I stared at the creased, slightly damp pages.
Here was the secret that had made the whole family crumble. It was those few moments of unforgivable sin that had sent Cecile into an exodus that she did not return from alive. This was what had troubled her father so deeply that he attempted to blow the memory out of his brain with a pistol. And this was what had made her brother a murderer. Back in the house on Boulevard Saint-Cyr, Madame Montaine was left with a man who might die at any moment and would probably never return to life. And the little sister, the silent child whom no one really saw . . . How I wished that someone or something would watch over that girl.
“Cecile and Emile. We rhyme. We belong together, and now we live like Hansel and Gretel in a gingerbread house. But there is no witch here.”
That is what Cecile had written about the first days in the hunting cabin. But later their idyll grew less Eden-like.

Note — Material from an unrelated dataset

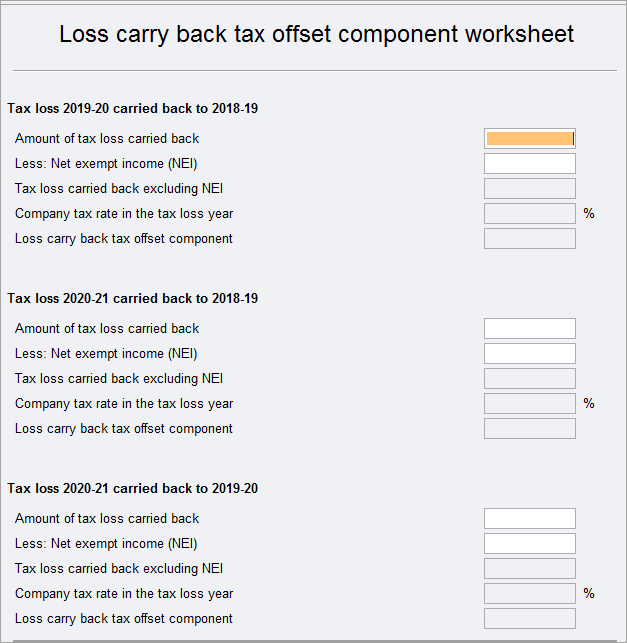 If you have a tax loss in the income year 2019-2020, you can carry it back to tax loss year 2018-2019. Complete the first section (Tax loss 2019-20 carried back to 2018-19). The third component will be disabled.

“Imo was here with food. It is a long trip for her when the weather is so merciless, but she is a helpful soul, bless her. Emile does not like her and usually leaves when she comes. But what would we do without her? It is so cold here. Constantly so cold, even when the oven door is almost red-hot. I get chilblains on my hands and fear for my health. Imo gave me a little bottle of tonic; it is soothing and allows me to sleep, which is otherwise almost impossible. Today I slept for two hours while she just sat looking at me and held my hand. I was still tired and my head felt heavy when I woke up, so s
he lay down next to me, and I helped her. But now I am constantly getting nosebleeds; that cannot be healthy. Emile got angry and sad when he saw the marks; he and Imo do not understand each other at all. And my boots have disappeared. Emile says that Imo must have taken them, but why would she do that? I think he did it because I began to talk about returning to the sisters. He fears that we will be punished and that he might be jailed. Imo says that people are saying he abducted me. I ought to write a letter, but I do not dare. Half the time I just want to go home, and the other half I remember why I cannot go home, and then I despair again.”
A gap. And then, in a hand much less assured:
“We lie together, Emile and I, and then everything is better for a little while. That is the only thing that warms me now, but I start to cough so much from it. He holds me so that I can breathe better, but he cannot make the cough go away. I want to have him inside me all the time so I know that I am not alone. And sometimes he stays in there for hours even if we are just lying still. But he has to go out. Imo does not come anymore. Why, I don’t know. We have almost nothing to eat, only what he catches. He eats everything raw—mouse, beetles, worms—but I cannot make myself do that. It is only when he catches a bird or something else that can be plucked and cooked that I can get it down. He tries to take care of me, but it is not easy.”
And the last words:
“Want to go home. Have pleaded and begged. Emile says he will try. Oh, God. It is enough now. It is enough.”